Eulogy in Drafts and a Letter

10613076_10204909417031104_5526019312848196156_nI have spent many sleepless nights thinking about how to honor my father’s memory here today.

One draft covered how — for Christmas, Father’s Day, Birthdays and every other gift giving holiday, Dad often asked for just one thing:

PEACE and QUIET.

Totally understandable given that he was in a house full of women.

Then there was the version that highlighted when my Dad, headed over to our neighbor’s house to chat while my mom was readying the house for a dinner party. When he arrived, he sat down and carefully explained that he was there because “my wife is over there trying to achieve perfection, but what she does not know is that perfection cannot be achieved.”

I had yet another draft where I thanked him for opening up the world to me through travel. His work took him to Europe, Asia, the Middle East and more. He brought home interesting gifts for us…..and some great stories — and it gave me the bug.

BUT nothing can honor my Dad’s memory quite like reading one of his letters. You see, Dad was a letter writer – and a thoughtful one at that. When we were younger — if there was yellow legal paper folded neatly on your pillow, you knew you were in deep trouble.  Later on in life, those letters were less about explaining what we did wrong and more about offering some of his sage advice.

I found this letter he wrote me several years ago after his 75th birthday party — there’s a reason why I kept it.

Dear Katja,

This card is a very small form of thanks for all your work on my party, both in the planning and execution stage. I saw how hard you worked even on the day of the party.

All this you did in a time when you were yourself not altogether happy and I thank you particularly for that.
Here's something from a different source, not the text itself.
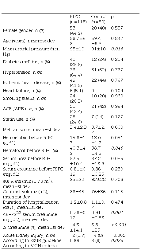 RIPC was performed in 118 of 168 patients and 50 patients served as controls. Data of the patients before and after the procedure are given in Table 1. Using the ESUR criteria, AKI incidence was found in 1.7% of 118 patients who underwent RIPC, while 8% of patients in the control group (OR: 5.053; 95% CI: 0.893-28.488; p=0.065). According to the AKIN criteria, none of the 118 patients who underwent RIPC had CIN whereas, in the control group, AKI developed in 6% of patients. (OR: 3.511; 95% CI: 2.757-4.471; p=0.025). Also, serum creatinine levels at the 48-72th hours after coronary angiography were significantly higher in controls than in RIPC patients (p=0.001). Creatinine levels were increased by 32% and 54% of RIPC patients and controls, respectively (p=0.008). No complication was observed during RIPC except pain and tingling in the extremity.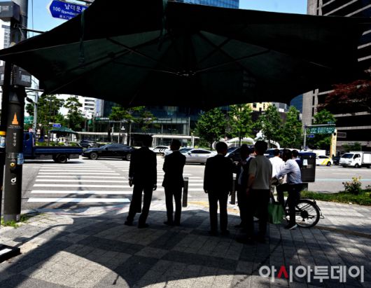 지난 8일 서울 을지로 횡단보도를 건너려는 시민들이 대형 파라솔 아래서 뜨거운 햇볕을 피하고 있다. 이날 서울 기온은 37도로 폭염 경보가 내려졌다./박성일 기자 |

I can also not refrain from a few words of fatherly advice, particularly since I am still fighting myself about my life right now. Ever since I actually retired, I have tried to find something truly meaningful to do, that on the other hand does not separate me too much from your mother. I feel a responsibility to be near her as much as I can, since for many years I wasn’t always able to be there for her —- or for all of you.  

So you can see that even a retired father, more than twice as old as you, still does not quite know how to go on in life and has to search for the right path. So it is not surprising to me that you also suffer from this feeling.

I hope, though that you will find your way through it without giving up the wonderful side of yourself. Even though you talk to your mom more than me about these things, I know enough to understand that they are hard on you.

I want you to be happy, perhaps more than anybody else you know and I do not know whether this letter will help. But I had to try.

Love Dad.

—–

He was an amazing Dad. I was truly lucky to have him — and now I wish him all the peace and quiet in the world.  You were loved.